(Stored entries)
.....
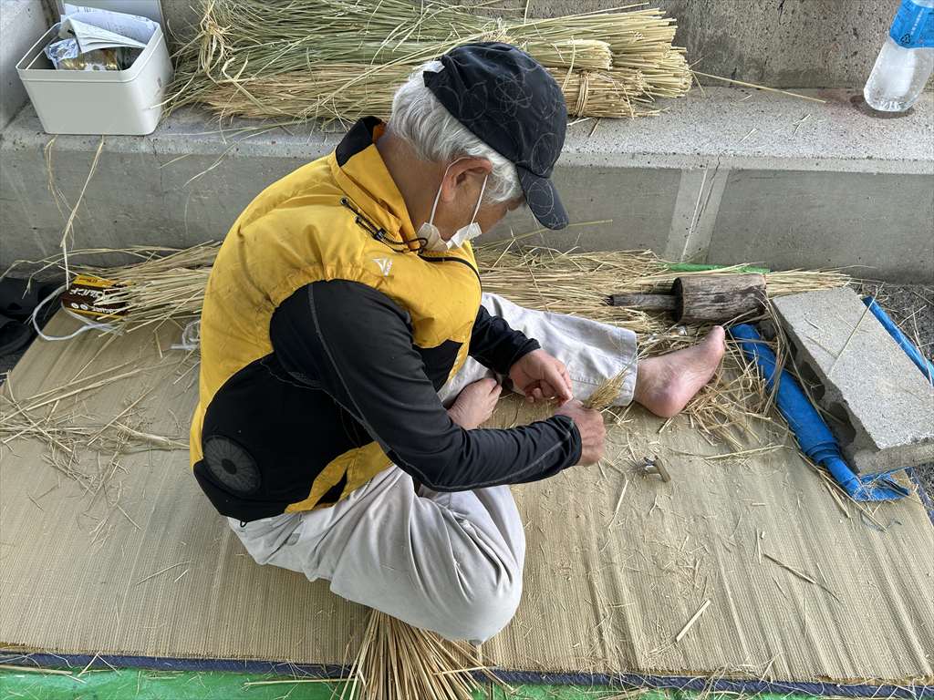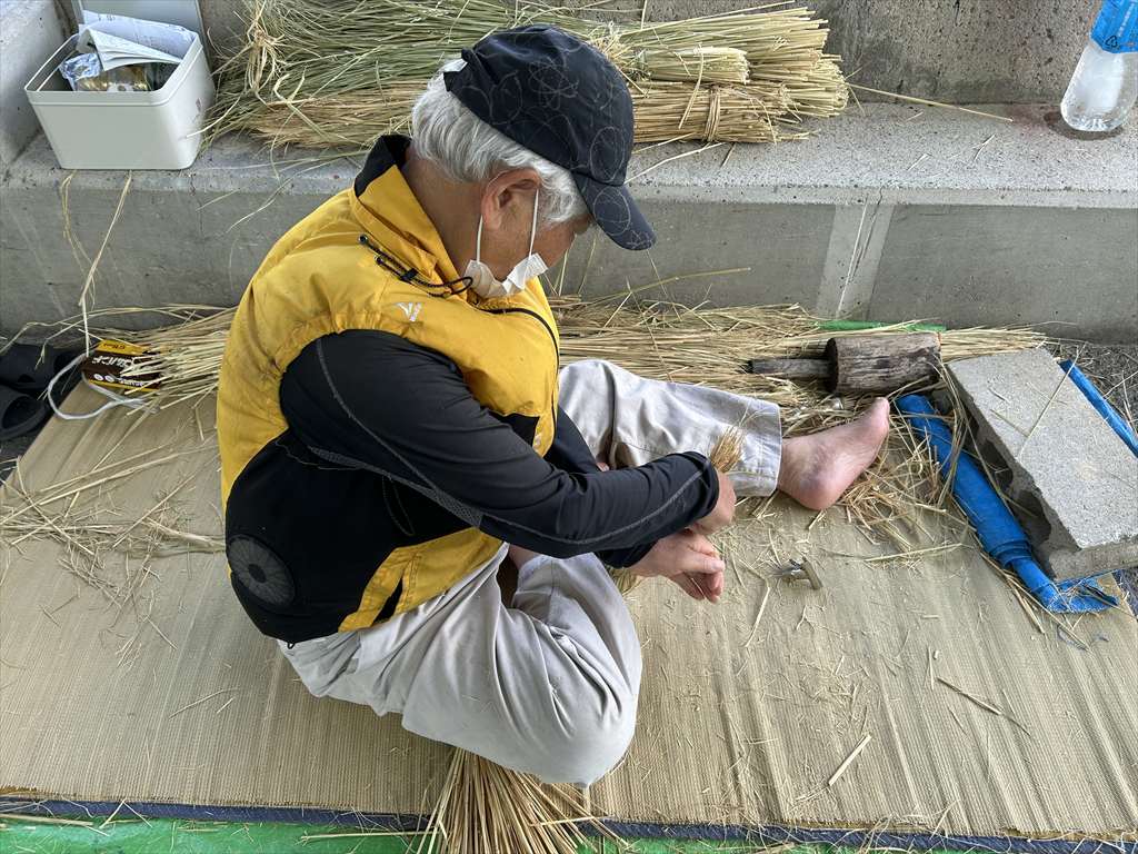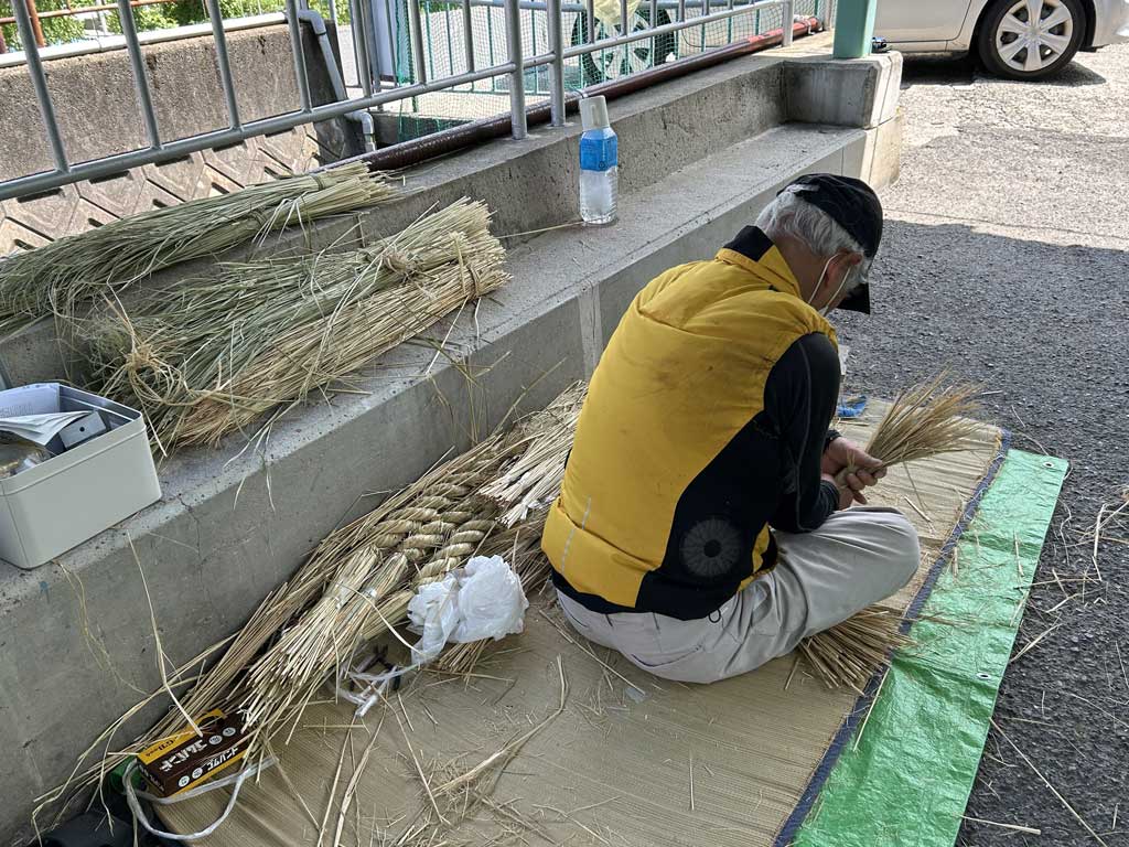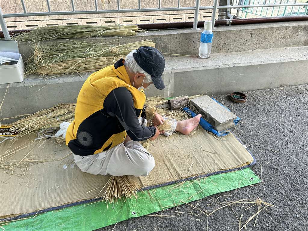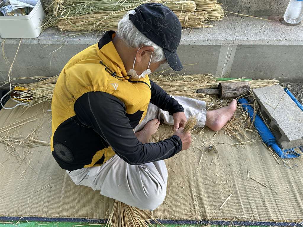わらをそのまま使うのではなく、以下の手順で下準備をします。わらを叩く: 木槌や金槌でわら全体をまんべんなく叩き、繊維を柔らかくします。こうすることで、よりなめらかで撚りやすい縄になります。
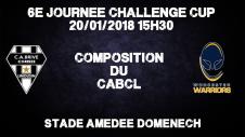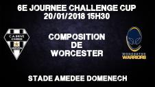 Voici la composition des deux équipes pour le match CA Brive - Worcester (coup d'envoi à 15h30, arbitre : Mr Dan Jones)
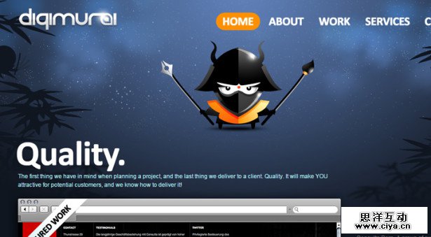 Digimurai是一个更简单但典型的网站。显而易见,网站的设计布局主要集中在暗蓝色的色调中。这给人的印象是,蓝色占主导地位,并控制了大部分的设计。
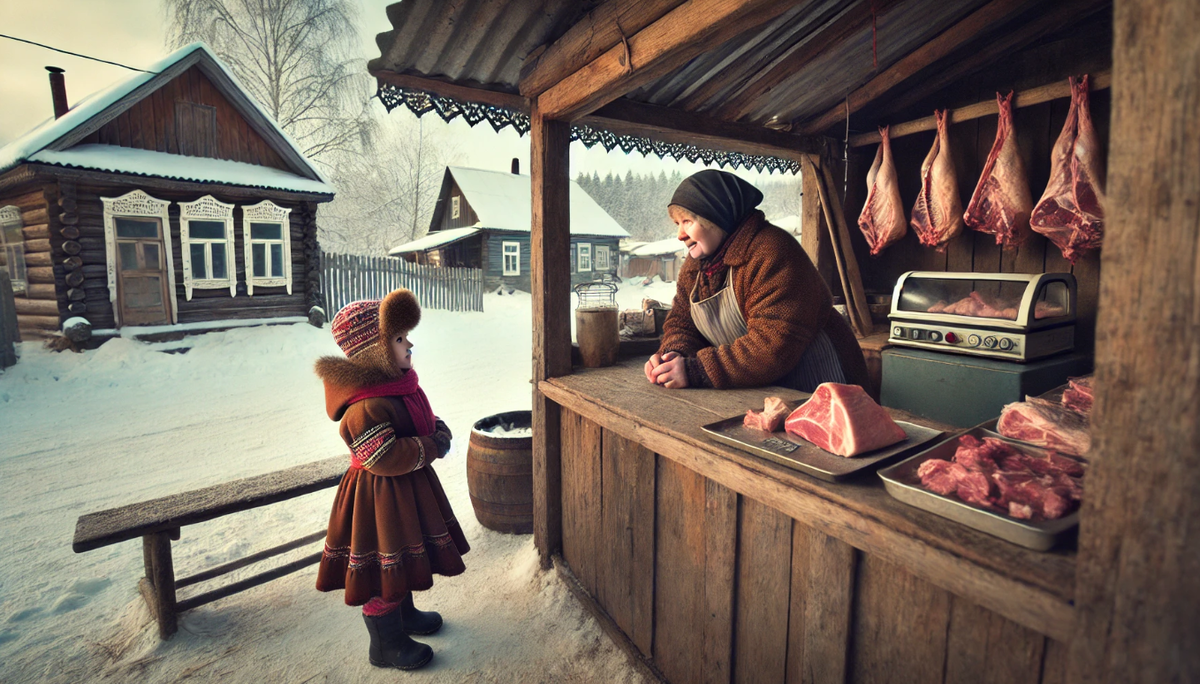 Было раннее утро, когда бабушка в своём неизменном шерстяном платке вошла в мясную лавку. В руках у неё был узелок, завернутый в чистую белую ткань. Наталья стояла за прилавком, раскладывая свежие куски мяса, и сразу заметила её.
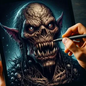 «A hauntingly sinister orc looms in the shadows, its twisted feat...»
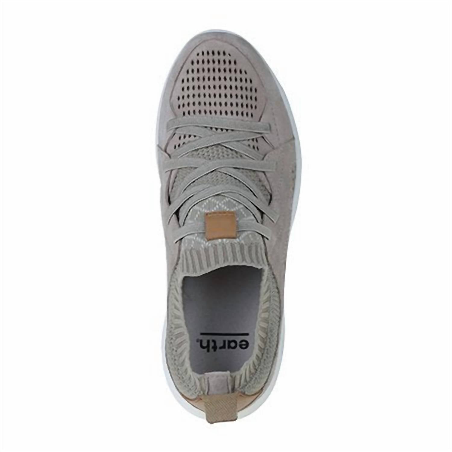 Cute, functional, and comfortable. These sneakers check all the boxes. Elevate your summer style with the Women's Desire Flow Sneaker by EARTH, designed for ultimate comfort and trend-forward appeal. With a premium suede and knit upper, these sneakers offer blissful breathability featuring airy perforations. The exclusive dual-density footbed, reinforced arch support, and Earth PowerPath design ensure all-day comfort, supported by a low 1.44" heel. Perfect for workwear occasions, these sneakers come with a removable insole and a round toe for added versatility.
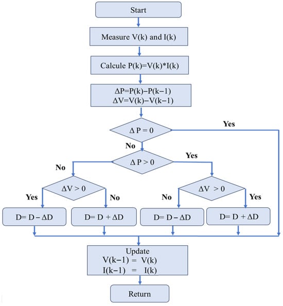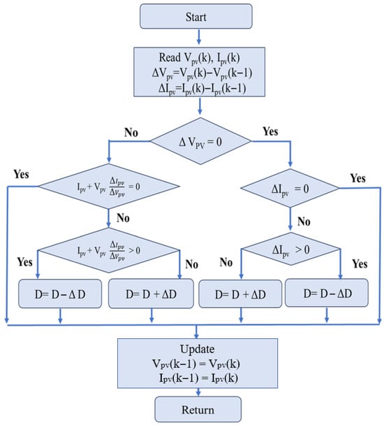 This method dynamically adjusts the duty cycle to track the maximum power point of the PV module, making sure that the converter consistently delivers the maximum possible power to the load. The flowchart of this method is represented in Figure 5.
.....
INSTRUCTIONS TO FOLLOW —
Reproduce the entries above exactly, though not their pictures.

SOLUTION TO THIS TASK —
わらをそのまま使うのではなく、以下の手順で下準備をします。わらを叩く: 木槌や金槌でわら全体をまんべんなく叩き、繊維を柔らかくします。こうすることで、よりなめらかで撚りやすい縄になります。
 Voici la composition des deux équipes pour le match CA Brive - Worcester (coup d'envoi à 15h30, arbitre : Mr Dan Jones)
 Digimurai是一个更简单但典型的网站。显而易见,网站的设计布局主要集中在暗蓝色的色调中。这给人的印象是,蓝色占主导地位,并控制了大部分的设计。
 Было раннее утро, когда бабушка в своём неизменном шерстяном платке вошла в мясную лавку. В руках у неё был узелок, завернутый в чистую белую ткань. Наталья стояла за прилавком, раскладывая свежие куски мяса, и сразу заметила её.
 «A hauntingly sinister orc looms in the shadows, its twisted feat...»
 Cute, functional, and comfortable. These sneakers check all the boxes. Elevate your summer style with the Women's Desire Flow Sneaker by EARTH, designed for ultimate comfort and trend-forward appeal. With a premium suede and knit upper, these sneakers offer blissful breathability featuring airy perforations. The exclusive dual-density footbed, reinforced arch support, and Earth PowerPath design ensure all-day comfort, supported by a low 1.44" heel. Perfect for workwear occasions, these sneakers come with a removable insole and a round toe for added versatility.
 This method dynamically adjusts the duty cycle to track the maximum power point of the PV module, making sure that the converter consistently delivers the maximum possible power to the load. The flowchart of this method is represented in Figure 5.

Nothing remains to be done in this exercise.